* _Data to process_
[Start of Attachment]

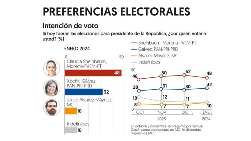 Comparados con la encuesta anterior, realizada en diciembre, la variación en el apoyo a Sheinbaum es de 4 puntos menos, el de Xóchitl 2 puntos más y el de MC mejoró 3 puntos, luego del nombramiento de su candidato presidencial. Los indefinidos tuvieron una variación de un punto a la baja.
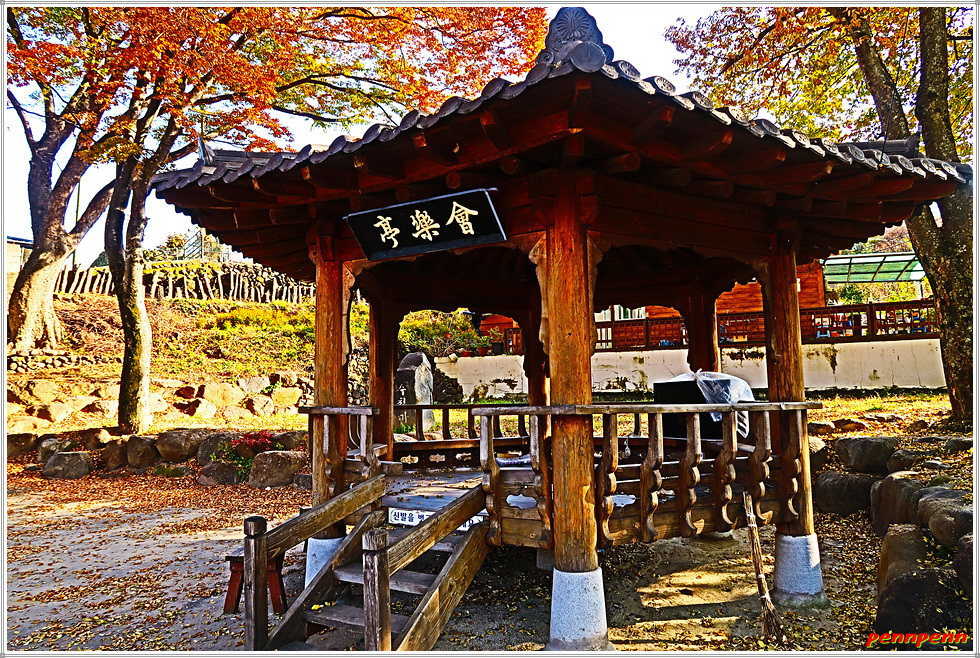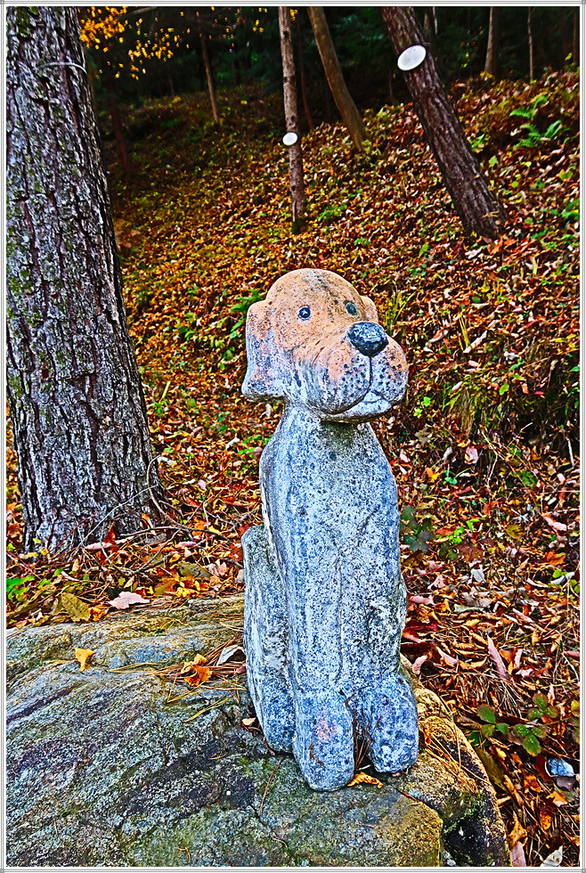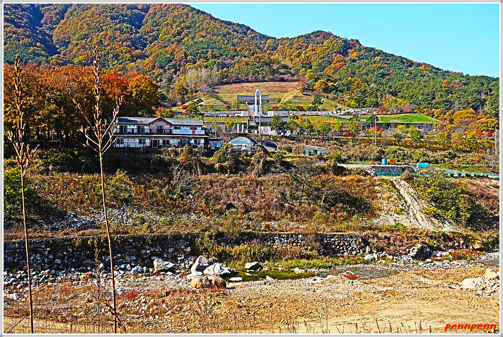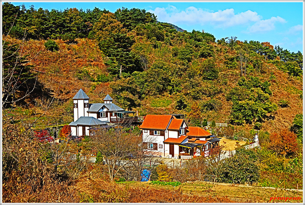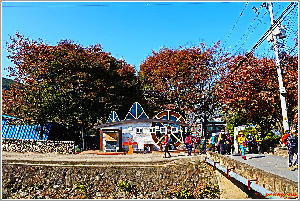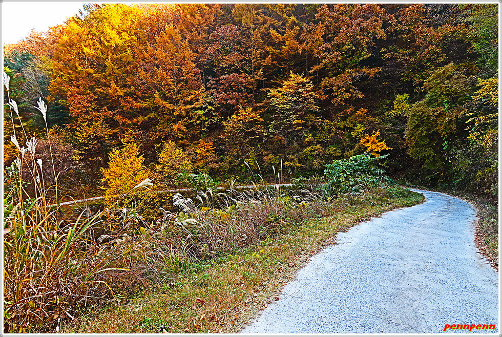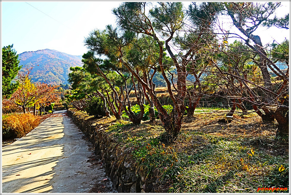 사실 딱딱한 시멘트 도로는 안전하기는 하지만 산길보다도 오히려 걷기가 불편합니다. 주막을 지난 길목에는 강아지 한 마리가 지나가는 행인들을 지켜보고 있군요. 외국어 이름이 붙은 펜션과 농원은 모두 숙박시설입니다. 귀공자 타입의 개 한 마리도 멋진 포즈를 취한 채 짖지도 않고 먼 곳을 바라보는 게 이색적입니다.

[End of Attachment]
[Start of Attachment]

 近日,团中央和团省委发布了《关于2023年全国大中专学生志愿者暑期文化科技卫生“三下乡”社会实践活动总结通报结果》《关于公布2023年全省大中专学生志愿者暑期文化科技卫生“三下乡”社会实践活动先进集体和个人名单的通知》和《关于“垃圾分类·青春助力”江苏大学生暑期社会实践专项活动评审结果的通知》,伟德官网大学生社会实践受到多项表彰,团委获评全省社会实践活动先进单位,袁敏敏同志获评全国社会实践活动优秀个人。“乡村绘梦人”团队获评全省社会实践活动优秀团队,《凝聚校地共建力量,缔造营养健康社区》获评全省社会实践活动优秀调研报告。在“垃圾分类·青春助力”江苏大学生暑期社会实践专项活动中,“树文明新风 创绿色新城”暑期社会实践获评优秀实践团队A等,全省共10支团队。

[End of Attachment]
[Start of Attachment]

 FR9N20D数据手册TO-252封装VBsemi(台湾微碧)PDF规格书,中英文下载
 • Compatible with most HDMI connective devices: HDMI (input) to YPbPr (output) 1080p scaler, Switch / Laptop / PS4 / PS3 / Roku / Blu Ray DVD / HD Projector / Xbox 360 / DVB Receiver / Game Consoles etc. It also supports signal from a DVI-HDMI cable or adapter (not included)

[End of Attachment]

* _Exercise objective_
Only the lines starting at the one with "Comparados con la" and ending at the one with "사실 딱딱한 시멘트 도로는" should be printed, each exactly as it appears in the material above; the pictures are to be omitted.

* _Response to the exercise_
 Comparados con la encuesta anterior, realizada en diciembre, la variación en el apoyo a Sheinbaum es de 4 puntos menos, el de Xóchitl 2 puntos más y el de MC mejoró 3 puntos, luego del nombramiento de su candidato presidencial. Los indefinidos tuvieron una variación de un punto a la baja.
 사실 딱딱한 시멘트 도로는 안전하기는 하지만 산길보다도 오히려 걷기가 불편합니다. 주막을 지난 길목에는 강아지 한 마리가 지나가는 행인들을 지켜보고 있군요. 외국어 이름이 붙은 펜션과 농원은 모두 숙박시설입니다. 귀공자 타입의 개 한 마리도 멋진 포즈를 취한 채 짖지도 않고 먼 곳을 바라보는 게 이색적입니다.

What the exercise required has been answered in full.